Oxford, England. Summer 2021
We started writing these lines while parts of Germany, Belgium, Luxembourg and the Netherlands were hit by a tragic wave of floods that killed more than 200 people. We saw terrible images of houses swept away in a matter of minutes and heart-wrenching testimonies of the people affected. We are heartbroken that so many European friends lost their lives, their livelihoods, and their loved ones. We hope the whole of Europe will offer their solidarity and support and that our EU institutions will rise to the occasion and also offer their help to the people affected.
The floods in Western Europe are widely attributed to climate change, which like the pandemic and global inequality (and its consequence, mass migration) call for a united, and coordinated global response. Looking back at this past year we see both cause for dismay and glimpses of hope that what is urgently necessary is also achievable.
We are, of course, still in the midst of a global pandemic. At the times of writing it killed more than 4 million people throughout the world and more than a million people in Europe. It affected virtually every human being on the planet, reshaping the lives of billions. It changed the world like no other event in our lifetime.

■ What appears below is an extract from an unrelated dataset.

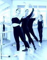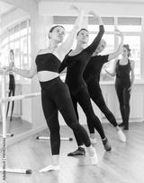 Female ballet dancers doing various ballet movements at a ballet barre in fifth position

When the pandemic arrived in Europe, back in February 2020, it found most of us completely unprepared. Italy was hit first. As it became clear that Southern European countries urgently needed assistance to tackle the devastating economic impact of the pandemic, some of their Northern neighbours seemed disinclined to rise to the occasion.
We witnessed growing anger, acrimony and resentment between countries in the South and the North of Europe. As an Italo-German couple, this affected us personally and deeply. We felt that we needed to try and do something. Time was of the essence. We decided to reach out directly to Angela Merkel, the longest serving European leader and head of state of Europe’s most populous state, hoping that her voice could be decisive in the meeting of the European Council in April.
With the help of many European friends, we wrote an open letter to Angela Merkel. We asked her to lead “a united European response to the economic and financial crisis prompted by this pandemic”. We called for European bonds as the best way to finance European recovery.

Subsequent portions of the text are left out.